With regard to monetary policy tightening, the two economists highlighted that the country is feeling the impact of global developments, but there has been no real domestic impact given that the Bank of Botswana has hardly tightened monetary policy while many other central banks have raised policy rates significantly.
“But Botswana has felt the impact of higher energy prices, which remain elevated despite some easing earlier in 2023, and there has been a squeeze on real incomes and living standards as a result,” said Econsult.
After the sharp drop in inflation from its peak of 14.6 percent in August 2022 to 1.2 percent a year later, Jefferis and Kegakgametse said the increase to 3.2 percent in September was not unexpected. Fuel prices have been the main driver of changes in inflation over the past two years, in part because international oil prices have been so volatile, combined with their very high weight in the Botswana Consumer Price Index (CPI) basket. After the upsurge in oil prices caused by Russia’s invasion of Ukraine, to over US$110 per barrel in June 2022, the economists indicate that prices fell to just over $70 a barrel in March this year.
“The decline enabled pump prices to be reduced, leading to the dramatic fall inflation as the previous year’s increases dropped out of the annual inflation calculation,” said Econsult report.
In recent months, however, Jefferis and Kegakgametse noted the deliberate actions by OPEC+ member states to restrict production and supply have pushed prices back over $90 per barrel, “a selfish move seemingly calculated to put further pressure on households across the world who have already been badly impacted by the cost-of-living crisis”.
In Botswana, regulated pump prices – which are determined under a highly politicised adjustment mechanism – have lagged the increase in global prices. For instance, the two say the price increase in late October came about a month after the relevant increases in global prices.
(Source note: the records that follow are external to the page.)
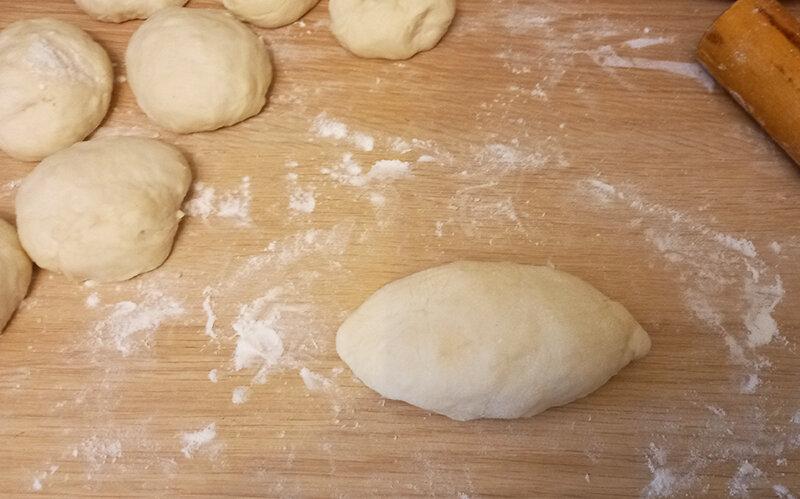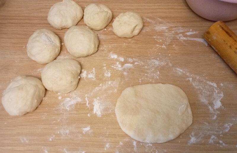 З шматка тіста формую товстий джгут, ділю його на 8 частин. Кожен шматок скочую в кулю. Потім кожну кульку розкочую в невеликий круглий корж.
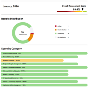 It means regular strategic reviews where you sit down together and look at a scorecard that scores your technology across areas like endpoint protection, backup and recovery, identity management, and Microsoft 365 configuration. Not gut feel. Actual scores, based on defined best practice, that show you exactly where you’re strong and where the gaps are.
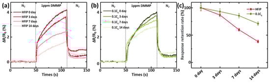 Chemiresistive sensors typically feature high sensitivity and a low detection limit, making storage in a dry inert gas atmosphere generally necessary. Storing these chemiresistive sensors on a shelf without specialized protection remains very challenging, particularly for those with a ppb detection limit [23]. To evaluate the impact of the surface-driven phase-segregation strategy on the shelf storage stability of these chemical sensors, we exposed them directly to the air for 14 days in our electronic device fabrication cleanroom (class 10,000), with the temperature and humidity of the environment maintained at 20–25 °C and 50–70%, respectively. During the storage period, the response of the chemiresistive sensor integrated with P(EDOT-HFIP-co-EDOT-C6) containing 10% EDOT-C6 was monitored, with the PEDOT-HFIP sensor as the control. As illustrated in Figure 5a–c, the response of the PEDOT-HFIP sensor to 1 ppm DMMP experienced a dramatic degradation of 61.7% over the 14 days of storage. In contrast, the P(EDOT-HFIP-co-EDOT-C6) sensor demonstrated a significantly improved shelf storage stability, with only a 28.9% reduction in sensitivity after the same 14-day shelf storage period. This significant enhancement in shelf storage stability can be attributed to the improved water resistance of the P(EDOT-HFIP-co-EDOT-C6) sensor. Additionally, the presence of organic solvent molecules in the cleanroom atmosphere, even at potentially low concentrations, may have introduced another challenge for the sensor, contributing to its degradation. We plan to investigate and address this issue in future studies.

Following this increase, they expect inflation to continue to rise through to the end of 2023 and into 2024 when it is likely to temporarily go above the upper end of the BoB’s 3-6 percent inflation objective range. “This means that there is unlikely to be any reduction in the BoB’s monetary policy rate (MoPR) in the near future.”
Jefferis and Kegakgametse said the likelihood that inflation will rise in the coming months means that domestic interest rates are likely to be maintained – at levels that are low by international standards – for the foreseeable future. “Projections of adverse climatic conditions in the coming months – with forecasts of higher temperatures and lower rainfall – are likely to have a negative impact on agriculture, water supplies and tourism, and illustrate the longer-term challenges posed by global climate change,” the economists at Econsult noted.
Fortunately, the said, Botswana’s critical financial buffers – in the form of the Government Investment Account at the BoB and the foreign exchange reserves – have been rising, assisting the ability of the economy to withstand possible shocks, at least in the short term.